Babak Zainli, Sohba Taef, Shervin Shabrokh, Nika Ismailpour, Iman Ehsani, Iren Rahmani, Foad Taefi, Ali Bagher Kashi, Reza and Fahimeh Yazdi were arrested by the security forces at Mr. Zainli’s house on the November 7th. After arresting these people, the agents searched Mr. Zainli’s house and confiscated some of his personal belongings, including electrical devices, bank and identity documents.

Among these people, Nika Ismailpour, Fahimeh Yazdi, Iman Ehsani and Mohammad Ali Haji Bagher Kashi were released on bail on November 25th.

Soon after, these Baha’i citizens were accused in the General and Revolutionary Prosecutor’s Office at Shahriar city for the charges of propaganda activity against the regime, action against national security and membership in anti-regime groups.

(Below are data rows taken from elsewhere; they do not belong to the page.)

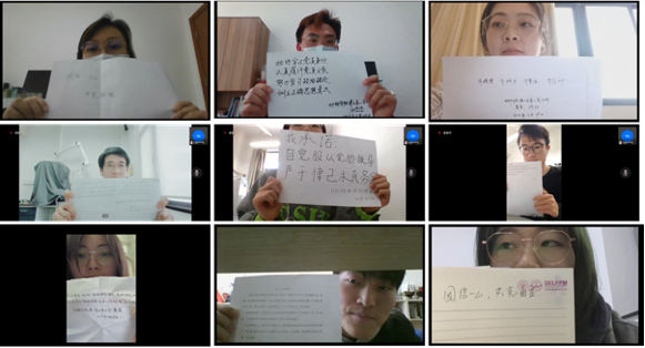 活动中还举行了“亮身份、做表率”党员践诺行动。汪俊俊谈到,作为一名博士生党员,我要始终牢记党员身份,认真履行党员义务,积极服从学校防疫政策,在平凡的岗位上扎扎实实做好每一项工作!在他的倡议和带领下,大家纷纷打开摄像头,分享了一个个朴实而充满力量的承诺。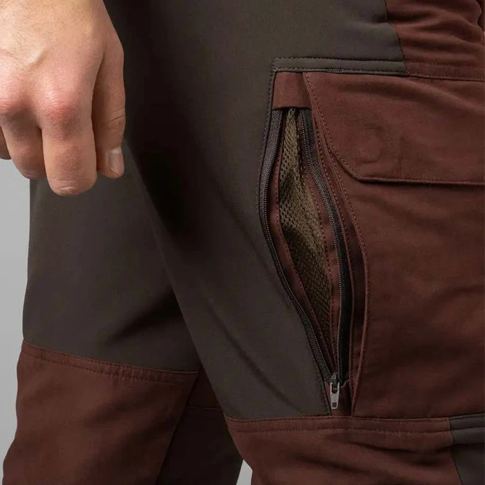 The Hรคrkila Scandinavian trousers are made from a very low-noise, soft, hardwearing and quick-drying cotton and polyester blend. They also have an active fit, with an elasticated waistband and stretch panels in the seat, knees and thighs. They are supremely comfortable for both walking and stalking. They also have a range of features that you will quickly find invaluable: long, mesh-backed, ventilation zips on the back of the thighs, to let air circulate in hot weather, while keeping insects and bits of vegetation out. On the front of the thighs are large, zipped pockets, with protective flaps featuring silent, magnetic closures. The right pocket contains a cartridge holder for four extra rifle cartridges, and within the left pocket is a small pocket to keep your mobile phone secure when you are on the move.
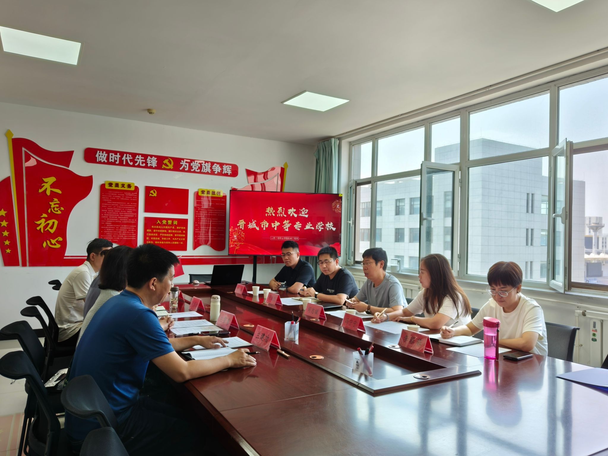 白雪清代表學(xué)院、系部致歡迎辭,對晉城市中等專業(yè)學(xué)校的到來表示熱烈歡迎。她介紹了我院的歷史沿革、發(fā)展道路、高水平學(xué)校建設(shè)和教育教學(xué)管理等基本情況。司志斌也介紹了本校的基本情況及礦山機(jī)電專業(yè)的發(fā)展。接著,兩方主要就機(jī)電技術(shù)及應(yīng)用專業(yè)、礦山機(jī)電專業(yè)的課程設(shè)置與教學(xué)、專業(yè)實訓(xùn)設(shè)備配置、技能競賽訓(xùn)練開展、技能等級鑒定和升學(xué)就業(yè)等相關(guān)專業(yè)建設(shè)事宜進(jìn)行了深入交流和研討,雙方相互交流,共同學(xué)習(xí),氣氛融洽熱烈。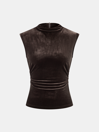 Mock Neck Ruched Velvet Sleeveless Top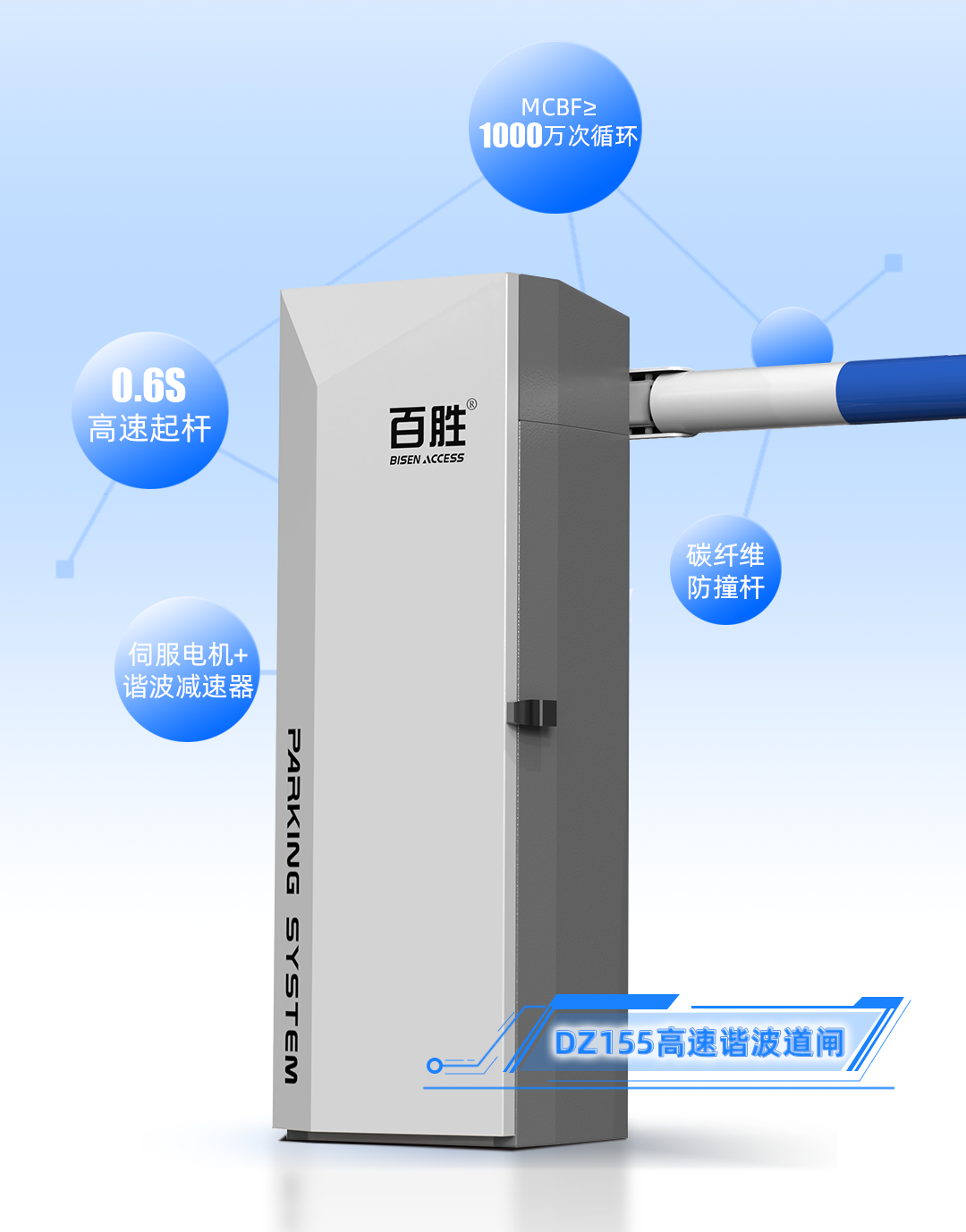 所有通道均采用百胜DZ155高速谐波道闸,专为高速公路、交通枢纽场景打造,MCBF超1000万次,起杆速度最快0.6S。车主驾车靠近的瞬间,道闸已同步响应,真正实现"车到闸开"的丝滑体验。

Earlier, an informed source told HRANA: “Mr. Taefi suffers from thyroid disease and needs to take medicine.” “His family took action to deliver the medicine needed by this citizen, but the investigator of the case opposed the delivery of the medicine.”

Baha’i citizens in Iran are deprived of freedoms related to their religious beliefs. This systemic injustice results in consistent violations of the Baha’is’ fundamental right to practice their religion, a direct violation of Article 18 of the Universal Declaration of Human Rights and Article 18 of the International Covenant on Civil and Political Rights that explicitly guarantees every person the right to freedom of religion, freedom to change their religion, and freedom of expression, individually or collectively, openly or in private.

According to unofficial sources, there are more than three hundred thousand Baha’is in Iran, but the Iranian constitution only recognizes Islam, Christianity, Judaism, and Zoroastrianism and does not recognize Baha’i Faith. For this reason, the rights of Baha’is have been systematically violated in Iran over the many years.